MLOps Engineering on AWS
This 3-day course provides an overview of MLOps and the tools available to enable it in AWS.
The MLOps Engineering on AWS course is designed to enhance the DevOps approach in software development for building, training, and deploying machine learning (ML) models. It follows a four-level MLOps maturity framework, focusing on the first three levels: initial, repeatable, and reliable. The course emphasizes the critical roles of data, models, and code in successful ML deployments and highlights the importance of collaboration among data engineers, data scientists, software developers, and operations teams. Participants will learn how to use tools and processes to monitor model performance and address any deviations from key performance indicators.

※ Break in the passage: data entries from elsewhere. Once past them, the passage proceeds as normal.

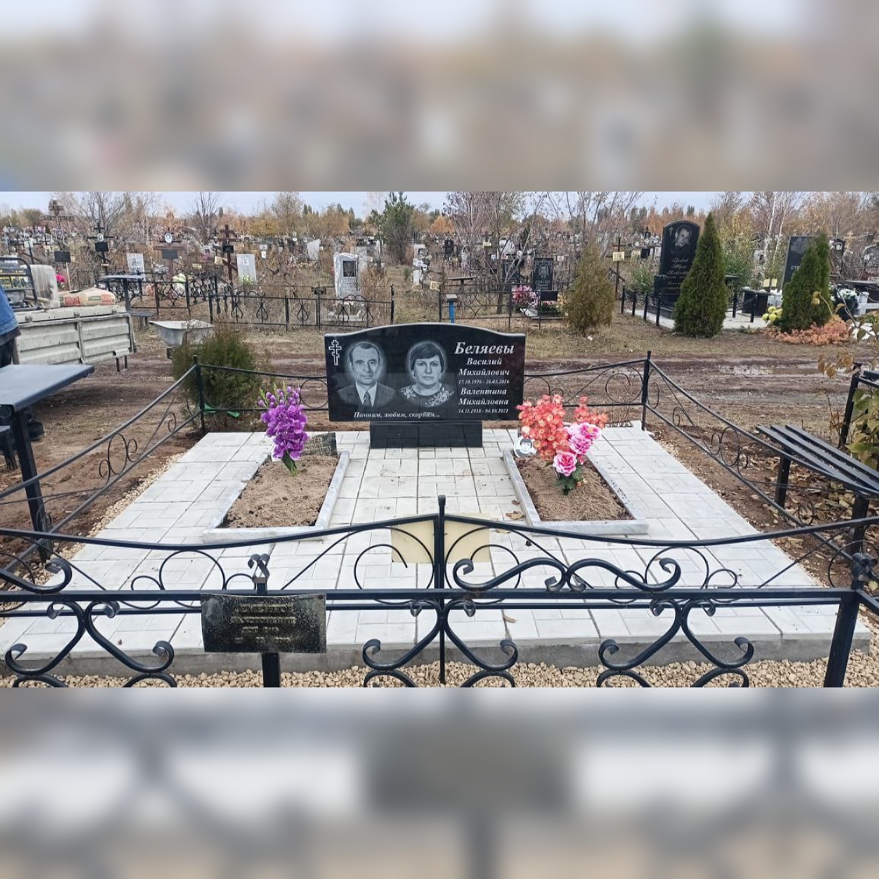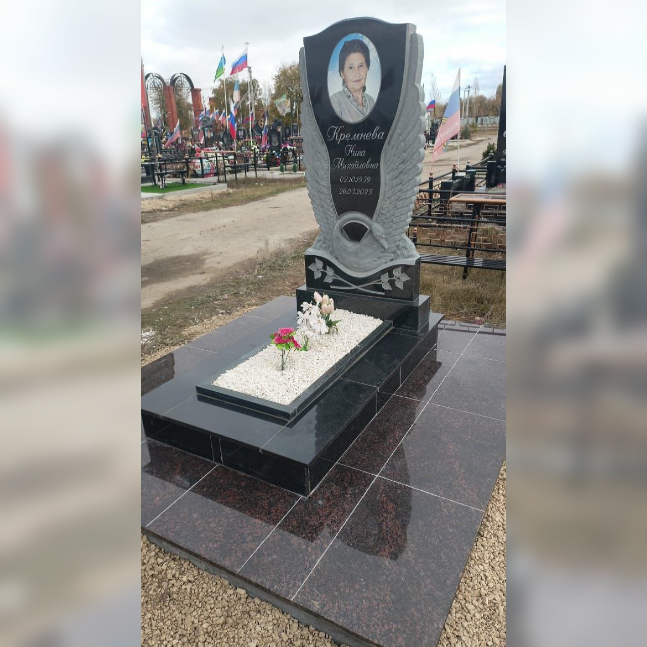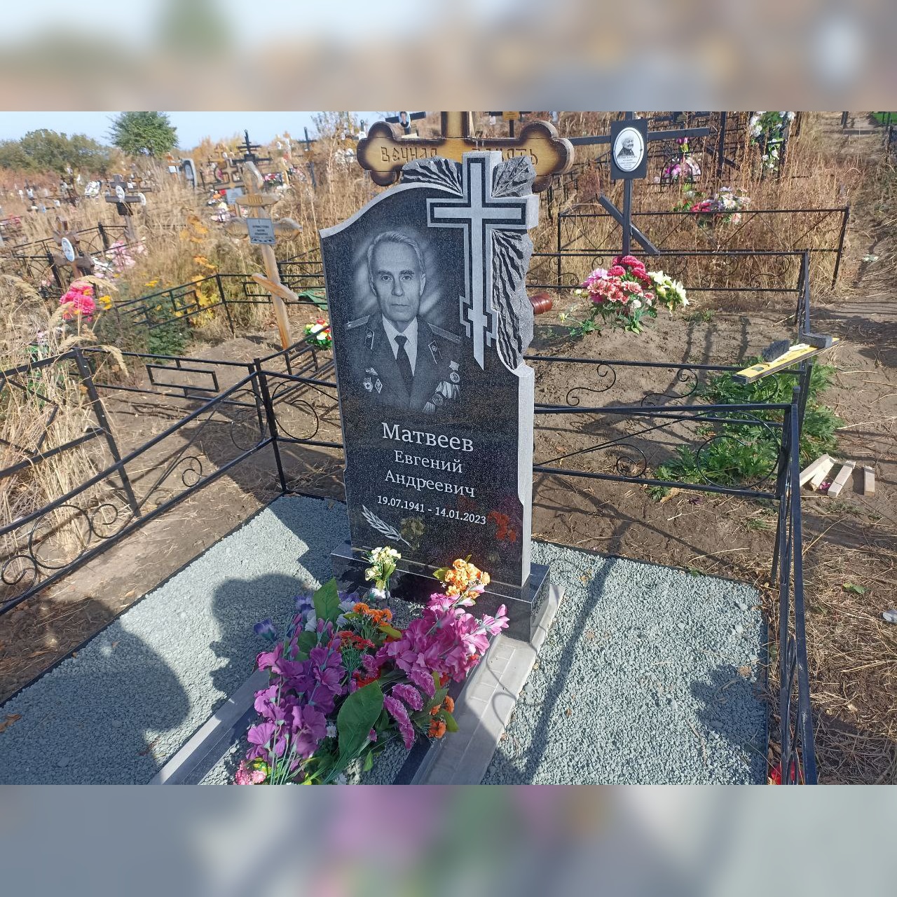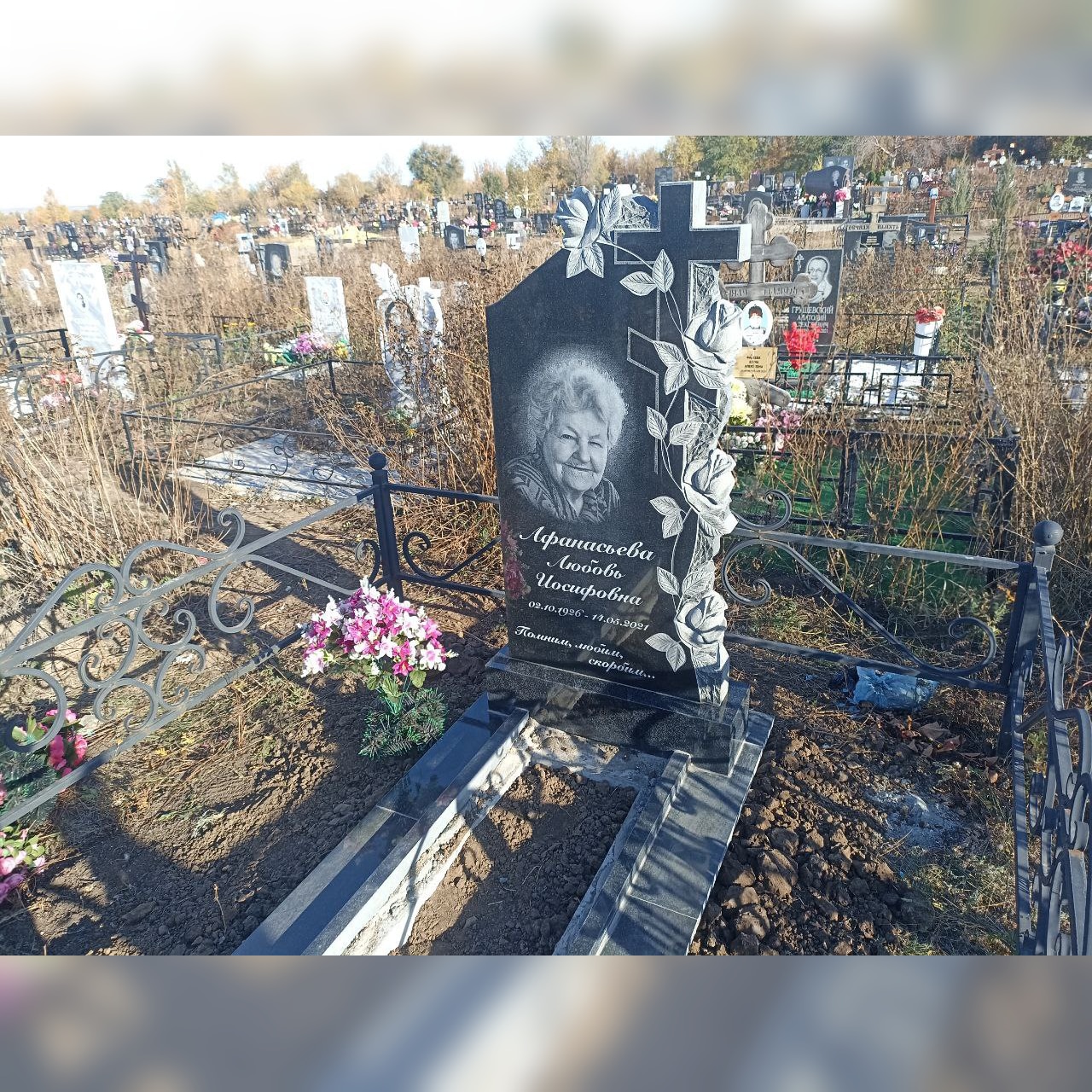 Фото 42 установленных памятников из гранита и мрамора в октябре 2025 года на кладбищах Саратова, Энгельса и Саратовской области.
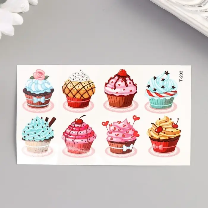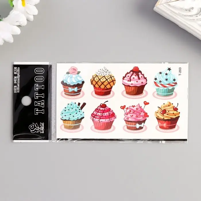 Добавьте яркие акценты в свой образ с помощью этих удивительных переводных тату! Изображение аппетитного пирожного станет настоящим украшением для любой девочки, придавая ей уверенности и игривости. Эти татуировки — отличный способ самовыражения, позволяющий создать уникальный стиль без долговременных обязательств.
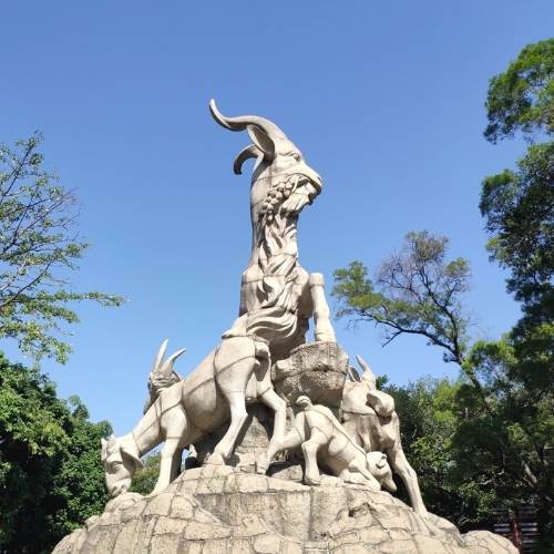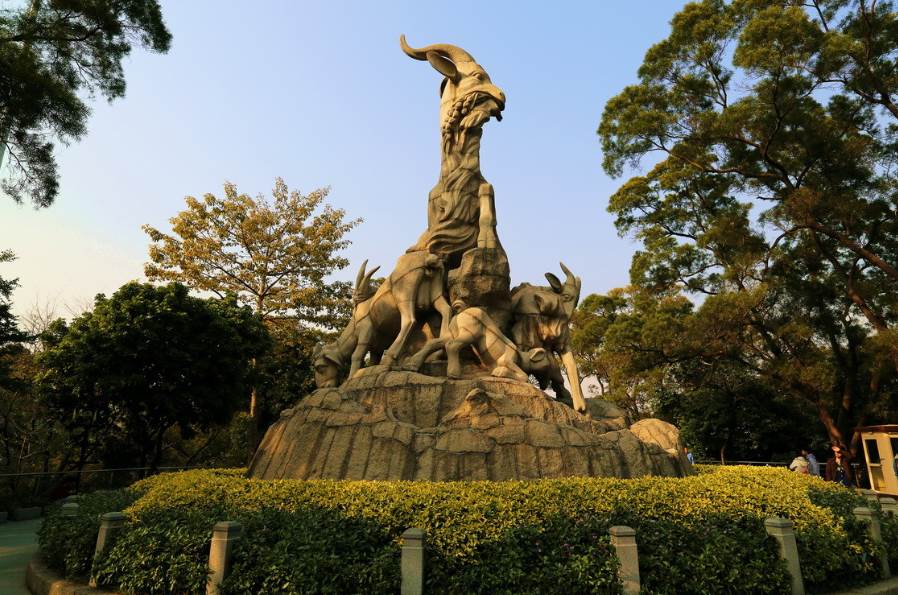 在很久以前,广州地区的百姓还过着比较原始的生活,经常吃不饱肚子。突然有一天,从天上出现了五位神仙,神仙骑着仙羊,仙羊嘴里衔着丰满的稻谷,降临这里。仙人把稻谷种子送给广州先民,教会他们种植粮食的技术。之后仙人腾空飞逝,五只仙羊化为石羊留在了这里。从此,广州便成为岭南最富庶的地方。
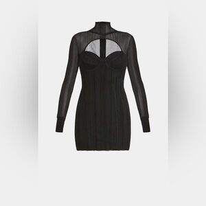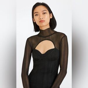 HERVE LEGER / NWT NEW layered sheer ribbed plated mini dress in black small s
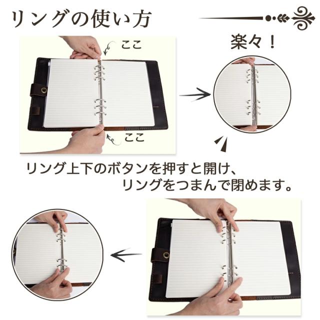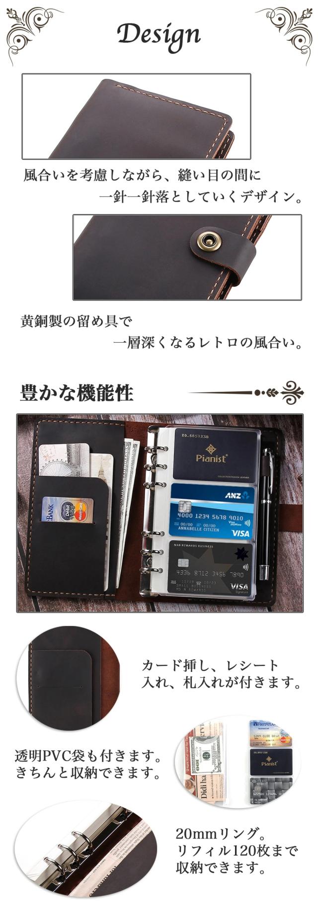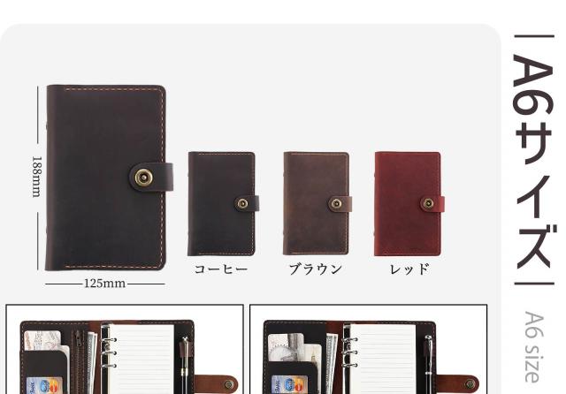 システム手帳 本革ノート ROTERDON 職人 手作り A6 6穴 ペンホルダー 付 本革 ビジネスノート スケジュール帳 ノート メモ帳 カード収納 ビジネスオフィス用品 卒業記念品 退職 就職 昇進お祝い プレゼント
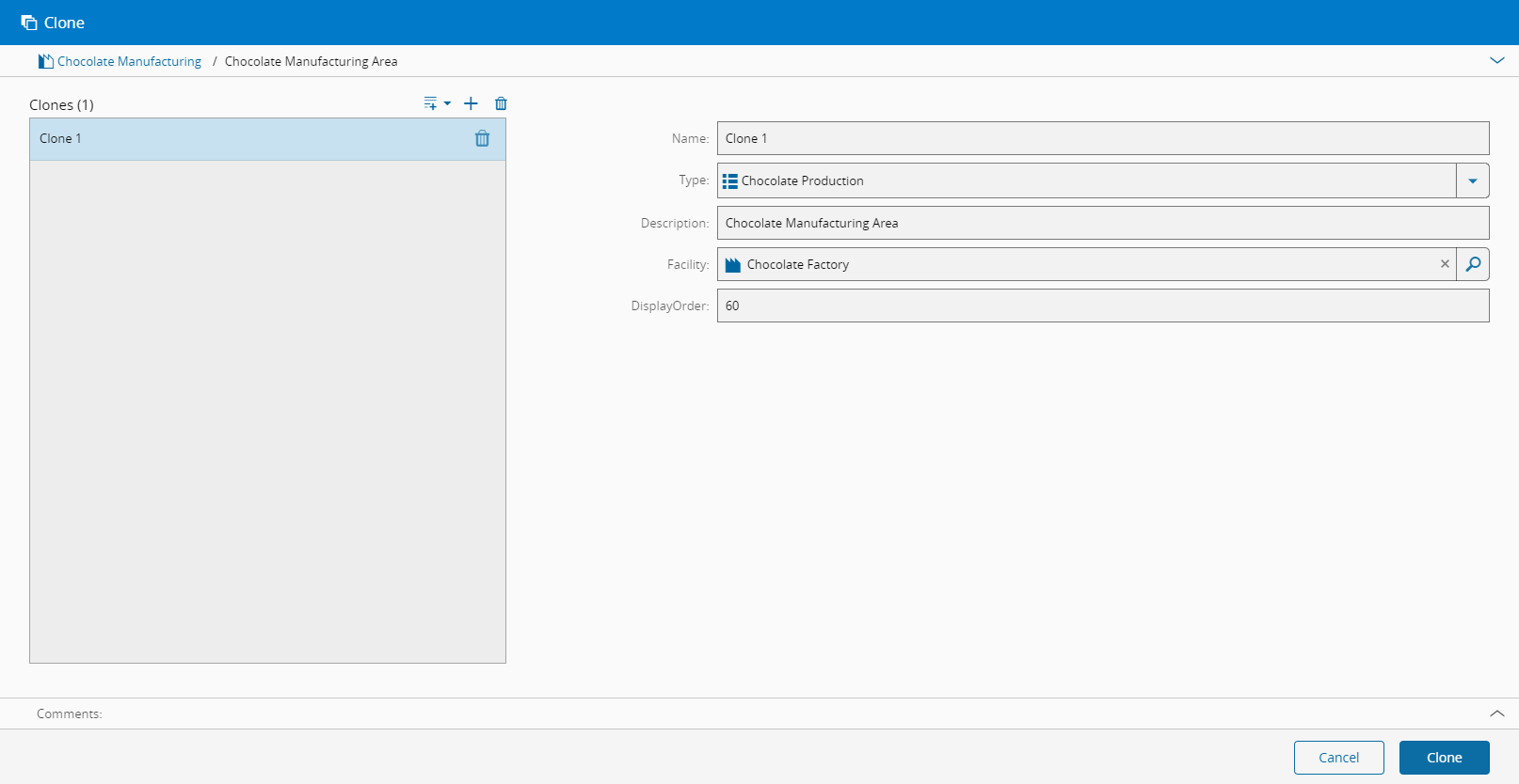 The Clone Area wizard can be called from the Area page within the Business Data Group. The default values will be taken from the current Area to be used as a base for the new object.
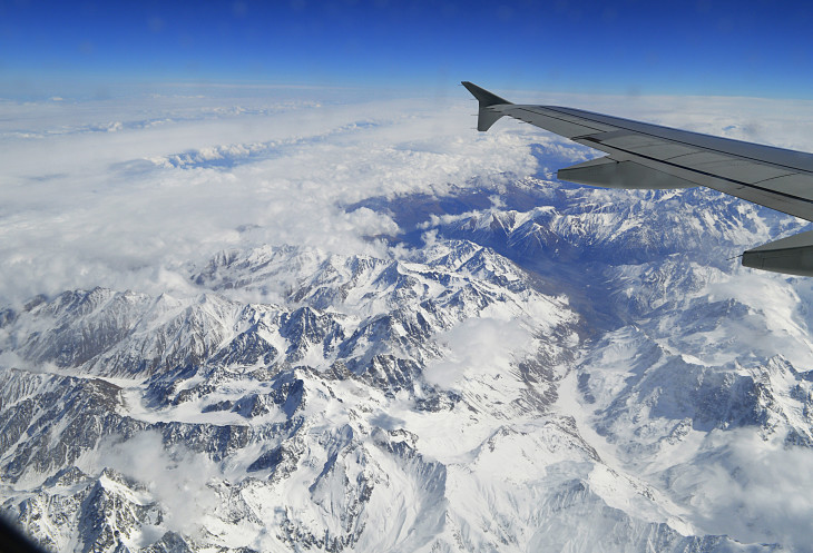 Еще два часа с перекусом и под крылом самолета раскинулись заснеженные Кавказские горы .Красотища!
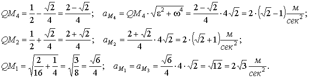 | Пример 2. Диск радиуса R = 0,5 м и r = 0,25 м катится со скоростью V0 = 1м/сек равнозамедленно с ускорением а0 = 2 м/сек2. Определить ускорения точек, находящихся на малом радиусе и на биссектрисах координатных четвертей. Решение. Найдём угловую скорость и угловое ускорение катящегося диска ![]() ![]() |
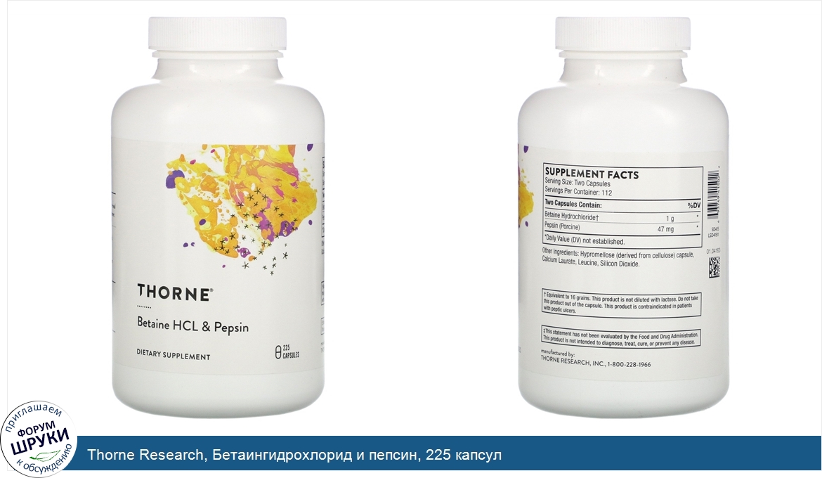Друзья, если у вас есть отзыв/дополнение/комментарий/вопрос относительно Thorne Research, Бетаингидрохлорид и пепсин, 225 капсул - напишите его ответом в эту тему (это будет полезно всему сообществу в целом и вам в отдельности).
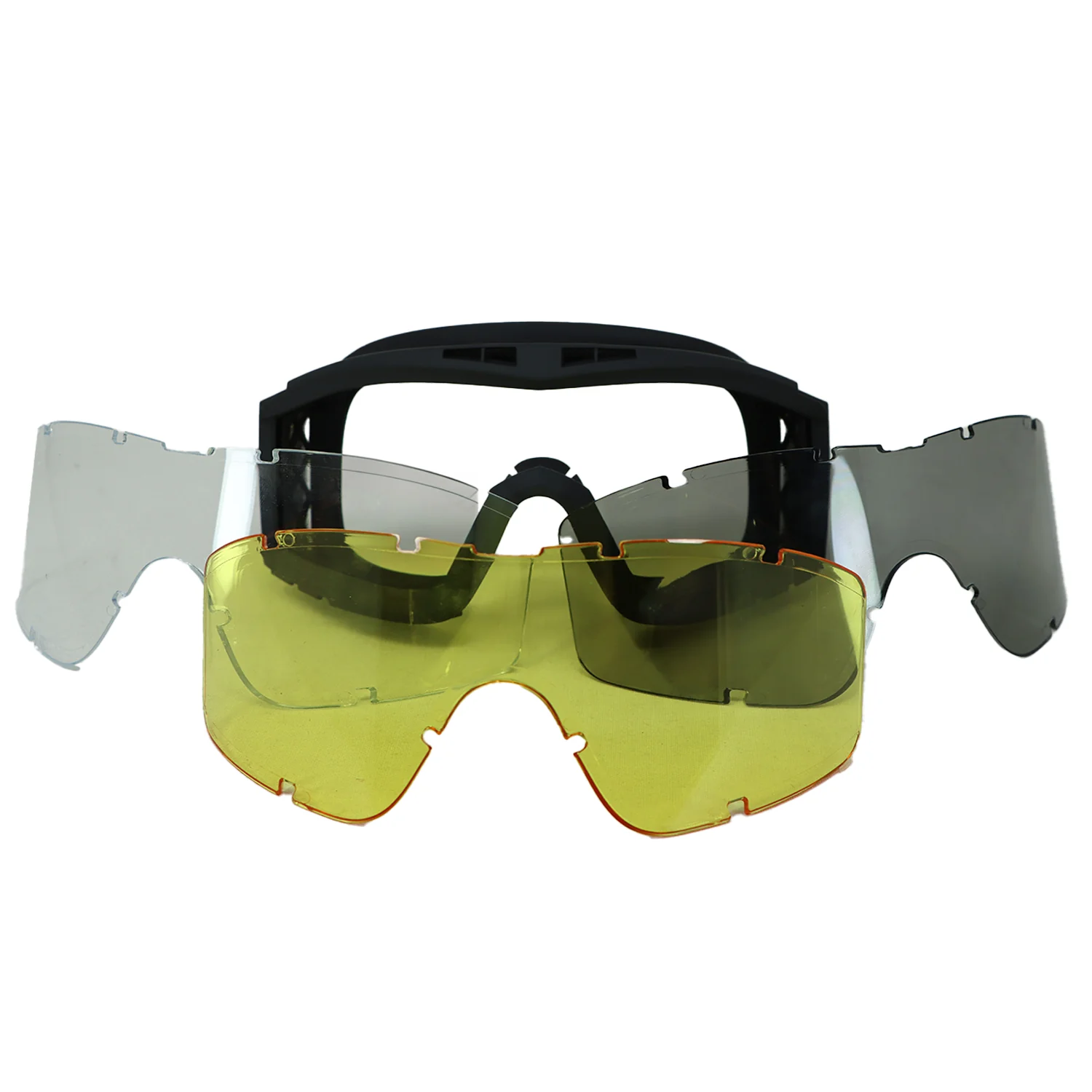 Éstos goggles van dirigidos a un uso militar o policial, pero se adaptan perfectamente para el ciclismo. Cuenta con un juego de micas resistentes a rayaduras de repuesto, una en color humo, otra en ámbar y la última transparente. El sistema de anclaje de las micas a la carcasa de los goggles este compuesto por pequeños seguros que facilitan el retiro o instalación de las micas.

This intermediate-level course lasts three days and includes various activities such as presentations, hands-on labs, demonstrations, knowledge checks, and workbook exercises. By the end of the course, attendees will be able to explain MLOps benefits, compare it with DevOps, assess security and governance needs for ML use cases, set up experimentation environments using Amazon SageMaker, and understand best practices for versioning and maintaining ML assets, including models and datasets. They will also learn about creating CI/CD pipelines in an ML context, implementing automated packaging and deployment, monitoring ML solutions, and automating the testing and deployment of models.
The course is aimed at MLOps engineers looking to deploy and monitor ML models in AWS and DevOps engineers responsible for maintaining these models. It is recommended that participants have completed AWS Technical Essentials, DevOps Engineering on AWS, or have equivalent experience, along with practical knowledge of Data Science with Amazon SageMaker.